── RECORDS FOR PROCESSING

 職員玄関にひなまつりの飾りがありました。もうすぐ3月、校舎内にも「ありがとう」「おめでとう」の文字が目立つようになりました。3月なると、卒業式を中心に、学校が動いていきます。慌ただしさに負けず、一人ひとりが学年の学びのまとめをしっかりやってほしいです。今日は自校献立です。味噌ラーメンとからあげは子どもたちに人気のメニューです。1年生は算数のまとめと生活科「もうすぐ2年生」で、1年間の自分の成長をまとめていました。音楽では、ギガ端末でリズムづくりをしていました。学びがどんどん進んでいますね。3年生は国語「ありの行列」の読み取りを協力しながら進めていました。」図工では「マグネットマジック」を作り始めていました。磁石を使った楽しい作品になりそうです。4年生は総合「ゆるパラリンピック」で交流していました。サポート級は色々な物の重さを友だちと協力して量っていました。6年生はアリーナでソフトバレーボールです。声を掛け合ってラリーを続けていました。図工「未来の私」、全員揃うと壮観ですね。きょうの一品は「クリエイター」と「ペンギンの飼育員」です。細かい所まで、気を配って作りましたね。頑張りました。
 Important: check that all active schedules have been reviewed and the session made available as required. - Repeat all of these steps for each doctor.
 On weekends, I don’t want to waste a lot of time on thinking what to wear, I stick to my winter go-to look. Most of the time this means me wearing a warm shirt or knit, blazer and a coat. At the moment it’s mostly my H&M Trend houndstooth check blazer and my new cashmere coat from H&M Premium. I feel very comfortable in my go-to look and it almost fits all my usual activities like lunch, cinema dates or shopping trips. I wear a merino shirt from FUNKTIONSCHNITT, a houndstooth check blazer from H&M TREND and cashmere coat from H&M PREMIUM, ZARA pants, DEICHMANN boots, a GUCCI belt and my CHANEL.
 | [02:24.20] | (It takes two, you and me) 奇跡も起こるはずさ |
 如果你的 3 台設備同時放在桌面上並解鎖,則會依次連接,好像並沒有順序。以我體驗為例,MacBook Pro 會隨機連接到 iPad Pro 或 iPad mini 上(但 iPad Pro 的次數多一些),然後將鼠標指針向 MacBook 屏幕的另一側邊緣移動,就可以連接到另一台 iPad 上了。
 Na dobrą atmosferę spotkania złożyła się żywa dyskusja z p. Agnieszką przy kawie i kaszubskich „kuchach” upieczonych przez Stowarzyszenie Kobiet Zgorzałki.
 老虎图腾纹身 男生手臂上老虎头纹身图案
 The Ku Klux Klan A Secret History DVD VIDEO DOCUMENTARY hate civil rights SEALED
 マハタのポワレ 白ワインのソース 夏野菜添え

────

— AIM OF THE TASK —
Only those lines running from the one containing "老虎图腾纹身 男生手臂上老虎头纹身图案" through the last line of the data above are to be copied, exactly, with both ends included.

— WRITTEN SOLUTION —
 老虎图腾纹身 男生手臂上老虎头纹身图案
 The Ku Klux Klan A Secret History DVD VIDEO DOCUMENTARY hate civil rights SEALED
 マハタのポワレ 白ワインのソース 夏野菜添え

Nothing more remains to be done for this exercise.